Null distributions of silhouette scores obtained with raw and processed expression matrices taking 15% random genes as features (the three dashed lines show 25th quartile, median and 75th quartile, while the red dot indicates the score obtained from top 15% variance genes). a ALL (9 Subtypes). b ALL (2 Subtypes). c DMD. d Leukemia The silhouette scores obtained from the PCA transformed co-ordinates of samples using the top 15% high-variance genes are recorded in Tables 2 and 3. In all datasets, with and without the first principal component (which is often the richest in batch effects), GFS is seen to have a better score relative to other processing methods. Also, in the three datasets with batch effects, removing PC1 improves phenotype-wise clustering, while in the heterogeneous ALL dataset with no batch effects, removing PC1 leads to discarding important variation and thus a reduction in clustering performance.

Table 2

Silhouette Scores obtained using the transformed expression values from top 15% variance genes on applying different preprocessing techniques (using first three principal components)

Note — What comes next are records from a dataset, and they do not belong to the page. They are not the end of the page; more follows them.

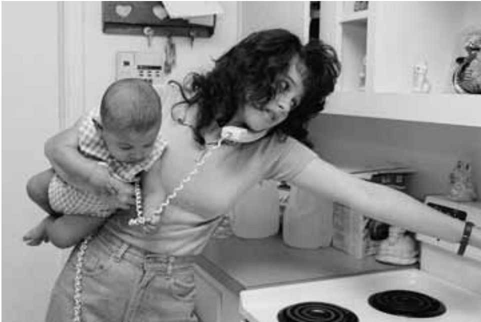
Younger children are at the greatest risk for maltreatment.

to 3,058,129 in 2001 (51 children per 1,000). It is doubtful that these figures represent anywhere near this large an increase in the actual number of children being maltreated. Rather, the figures probably reflect factors that increase the likelihood that incidents will be reported, such as the allocation of more federal money for reporting; the strengthening of state reporting laws (physicians, teachers, social workers, and other professionals who work with children are now required to report in all states); the redesign of state social service intake systems; the implementation of 24-hour hotline systems; and the massive public awareness campaigns of the 1970s. The rate of increase in estimates of child maltreatment began to slow in 1990 and appeared to have leveled off by 1994.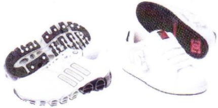
Leather Skate Shoes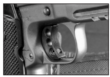
The adjustable trigger is D&L Sports' aluminum 3-hole unit with a serrated face.

Controls consist of a single-sided, reasonably extended serrated thumb safety, a heavy duty, heat-treated, fitted, serrated slide stop, and a checkered tactical magazine release,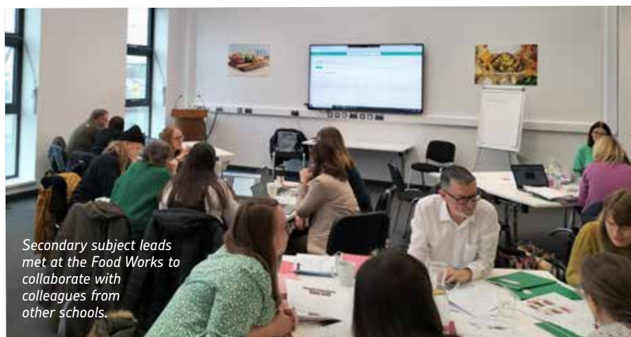
Secondary subject leads met at the Food Works to collaborate with colleagues from other schools.

Feedback from participants was extremely positive. Some appreciated learning new strategies to implement in their school: 'Incredibly useful and inspiring training! Ingrid has shown us many different ways we can implement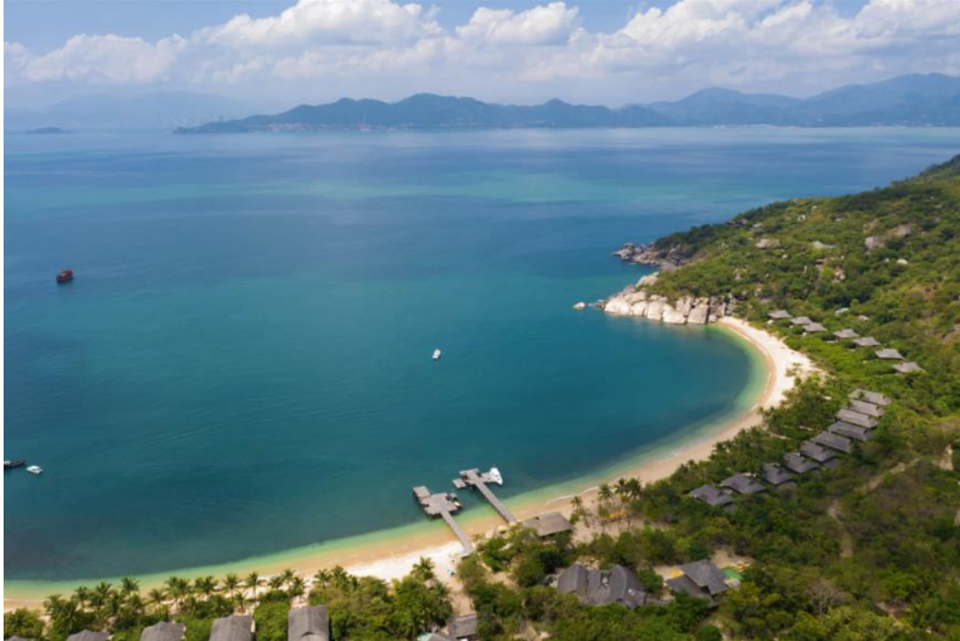
Six Senses Ninh Van Bay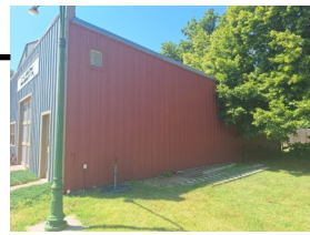
Heritage Center -New north exterior wall and repainting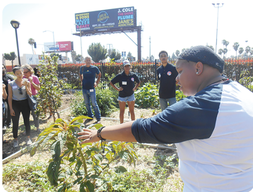
A youth farmer in Los Angeles County gives a tour of an urban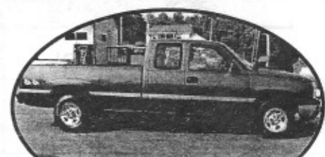
2004 Silverado, 4x4, ext. cab, V8, auto, Full Power. Sale Price $13,995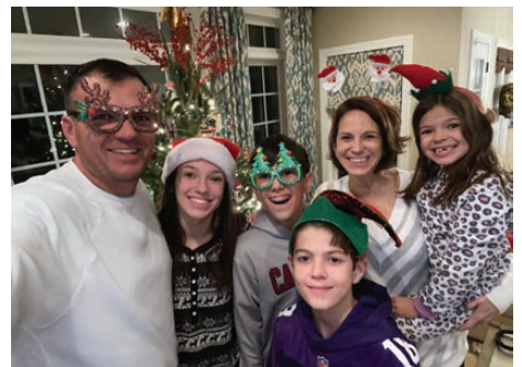
Saunders Family Christmas 2020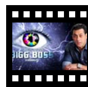
Satellite feed (EMEA)

No broadcast rights for Bigg Boss in Africa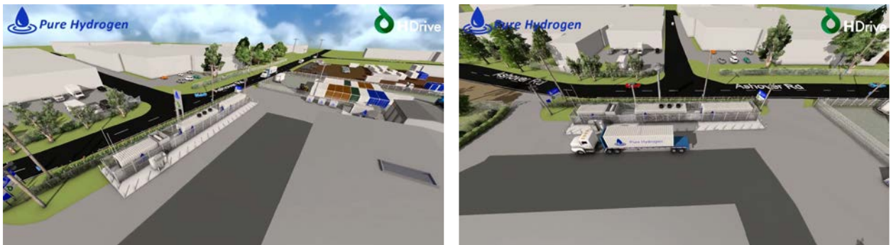
Image 2 and 3: Pure Hydrogen's first micro-hub refuelling site at Archerfield Airport – elevated view and view on to Ashover Road respectively

Planning works have commenced for the Archerfield micro-hub to be developed in stages. Stage 1 is based on initially utilising 1,000m 2 of the site with an anticipated output of 420kg of green hydrogen fuel per day. Scale-up will occur in future stages based on growing demand, serving selected target markets in commercial transport and the aviation industry.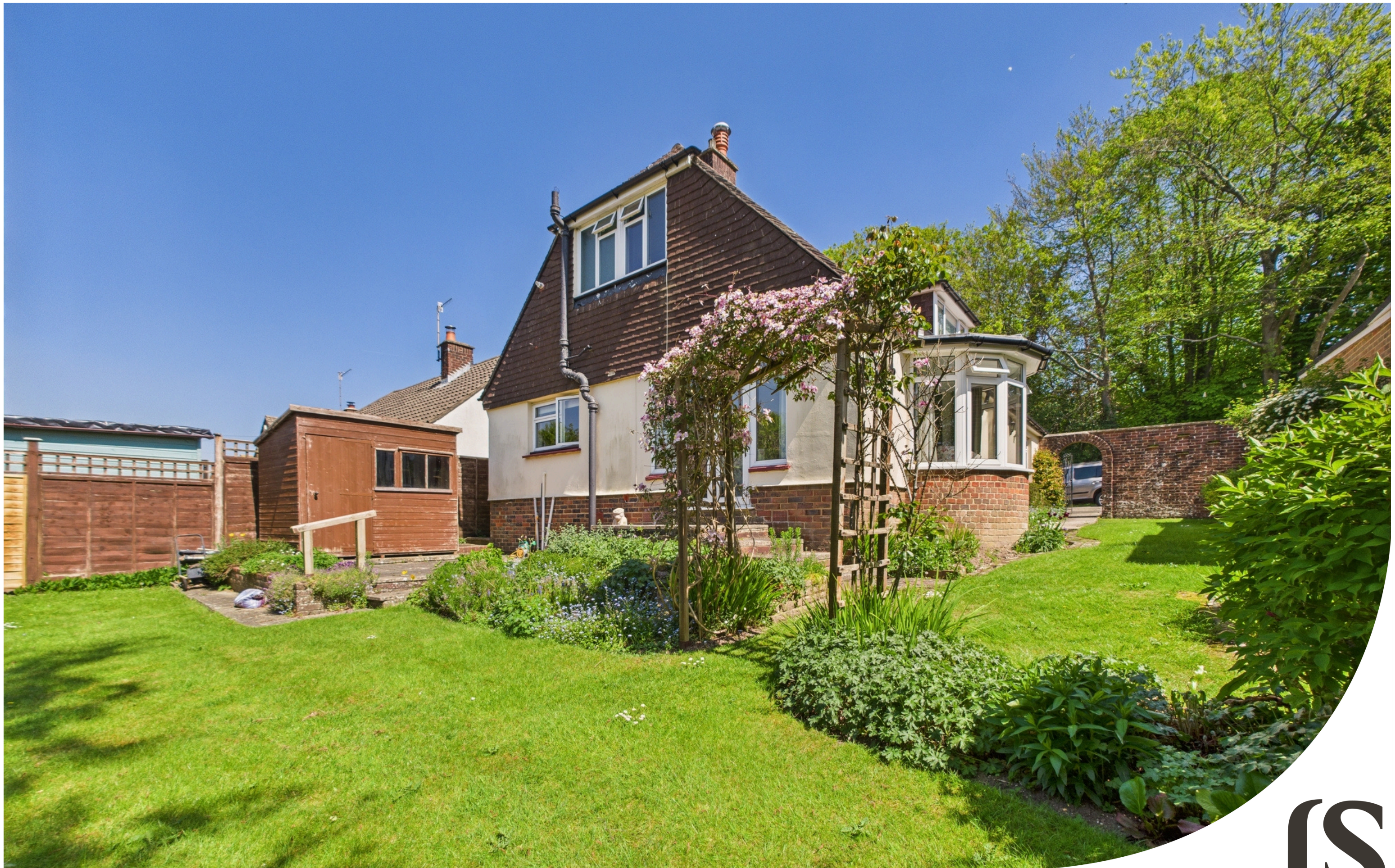
Cross Lane | Findon Village | BN14 0UB Guide price £575,000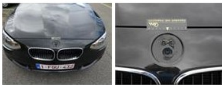
Bonnet, Chemical polution, LI - Repair and paint (complete) 290,08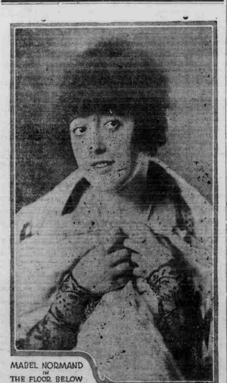
COMING TO THE LIBERTY FOR THREE DAYS STARTING NEXT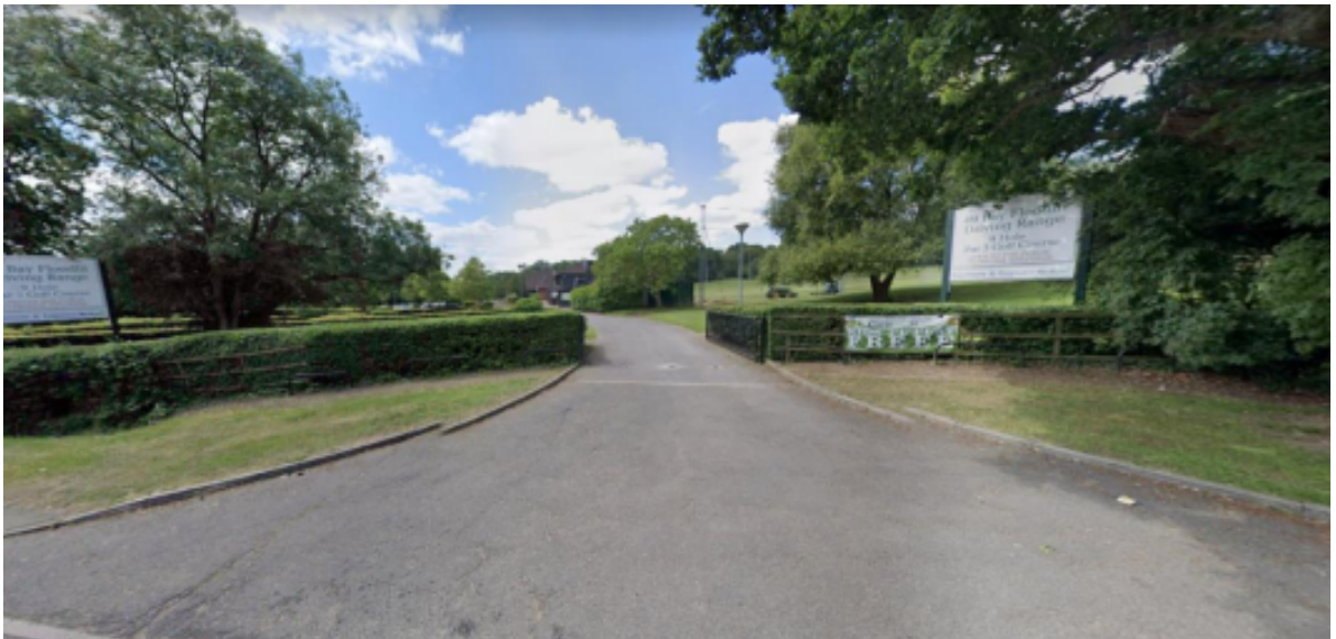
Figure 4: Entrance to site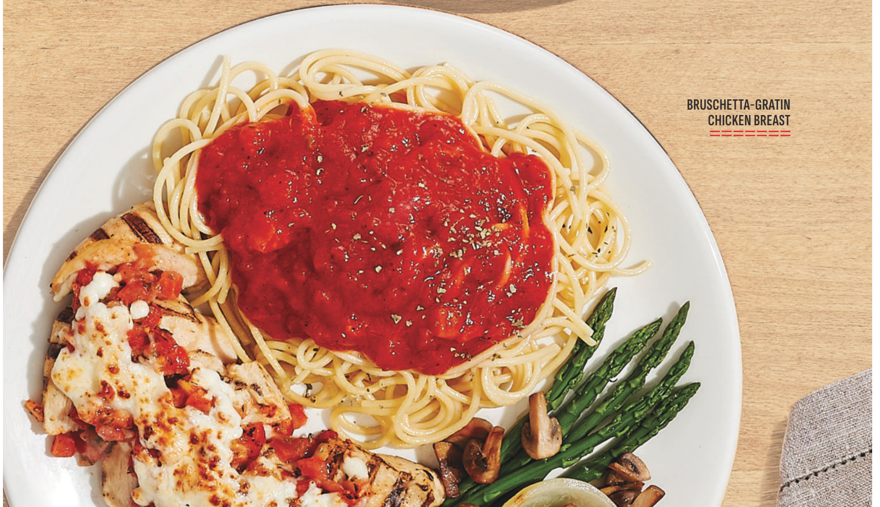
BRUSCHETTA-GRATIN CHICKEN BREAST =====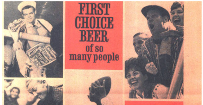
1950 Print advertisements for Labatt Pilsener and Labatt 50

A year later, Labatt launched its Pilsener Lager, setting the trend for lager beers in Canada. When it was introduced in Manitoba, the beer was nicknamed "Blue" for the colour of its label and the company's support of Winnipeg's Canadian Football League (CFL) franchise, the Blue Bombers. The nickname stuck and in 1979, Blue claimed the top spot in the Canadian beer market, a position it has held ever since.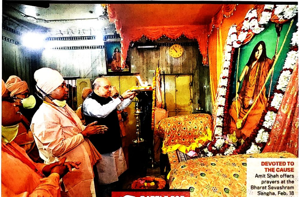
DEVOTED TO THE CAUSE Amit Shah offers prayers at the Bharat Sevashram Sangha, Feb. 18

TELANGANA: KCR'S CASTE HEADACHE PG 14 PUDUCHERRY: DECODING A COUP PG 18

	Raw	Scaled	Z-Score	Quantile	GFS
ALL (9 subtypes)	-0.212	-0.209	-0.145	-0.099	0.312
ALL (2 subtypes)	0.009	0.027	0.043	0.070	0.145
DMD	0.025	0.044	0.096	0.202	0.203
Leukemia	0.153	0.128	0.177	0.227	0.289

Silhouette scores corresponding to GFS are the highest among all methods (highlighted in bold)

Table 3

Silhouette Scores obtained using the transformed expression values from top 15% variance genes on applying different preprocessing techniques (using only PC2 and PC3, ignoring PC1)

	Raw	Scaled	Z-Score	Quantile	GFS
ALL (9 subtypes)	-0.243	-0.186	0.017	0.027	0.217
ALL (2 subtypes)	0.012	0.121	0.176	0.289	0.538
DMD	0.049	0.047	0.426	0.486	0.530
Leukemia	0.349	0.072	0.412	0.482	0.528

Silhouette scores corresponding to GFS are the highest among all methods (highlighted in bold)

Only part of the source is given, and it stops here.